Isso é muito pretensioso, eu sei, mas o mais curioso não era enxergarmos no escuro e ouvirmos no silêncio, mas sim que víamos as mesmas figuras distorcidas e ouvíamos as mesmas melodias desafinadas, fosse ou não a verdade, fosse ou não o certo. Mas, decididamente, era o nosso certo e não questionávamos isso.
Confesso que me peguei muitas vezes duvidando de que pudéssemos passar tanto tempo sem treinar nossas habilidades interpretativas e mesmo assim, um dia qualquer, perceber que elas continuavam lá. E qual não foi minha surpresa ao perceber, naquele reecontro, que elas pareciam até mais apuradas. Não vou dizer que elas estavam apuradas como um vinho bom porque isso representaria melhora e, certamente, aumentá-las é enxergar com mais clareza, mais dor.
Senti pena de você por perceber que, mesmo conversando sobre vida e morte, seu olhar e seu sorriso eram como se estivéssemos falando amenidades. Me envergonhei. Pois vi no seu olhar que eu também falava sobre profundidades sem energia para mergulhar, ficando só ali, na beira, por achar que não vale a pena, por achar que já sei o que tem lá no fundo, por achar que, mesmo não sendo o que acho que é, o que tem lá não vale a pena ser visto.
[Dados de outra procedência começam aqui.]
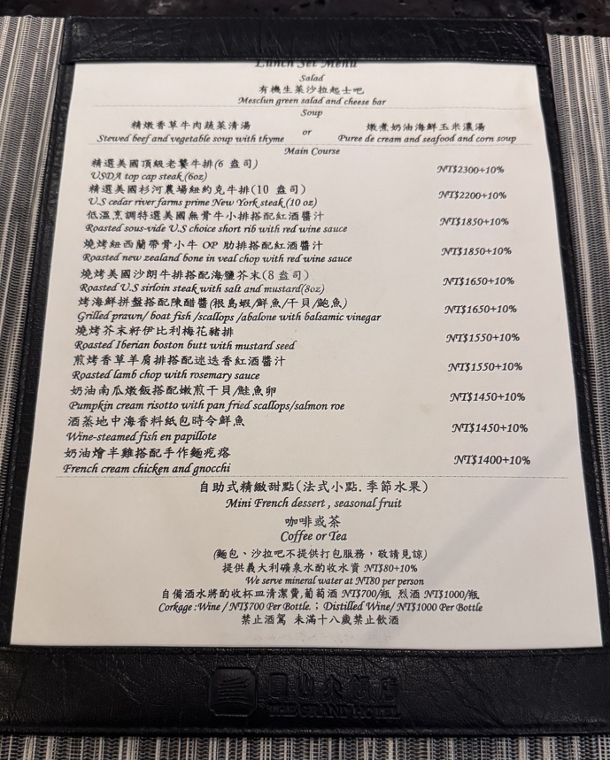 ↓平日午餐的餐單,每人需要單點一項主餐,附湯及咖啡、茶。

Mas também pensei que não deveria sentir pena de você ou vergonha de mim, pois ali não havia julgamentos ou dedos em riste, e sim a mais incompreensível compreensão mútua. É estranhamente confortável pensar que, mesmo falando sinceramente sobre assuntos próximos, falei quase nada de mim, mas você entendeu tudo e enxergou aquilo que eu queria estar dizendo, mas não disse com palavras, disse com silêncio.
E não preciso me justificar por estar escrevendo o óbvio. Obrigada.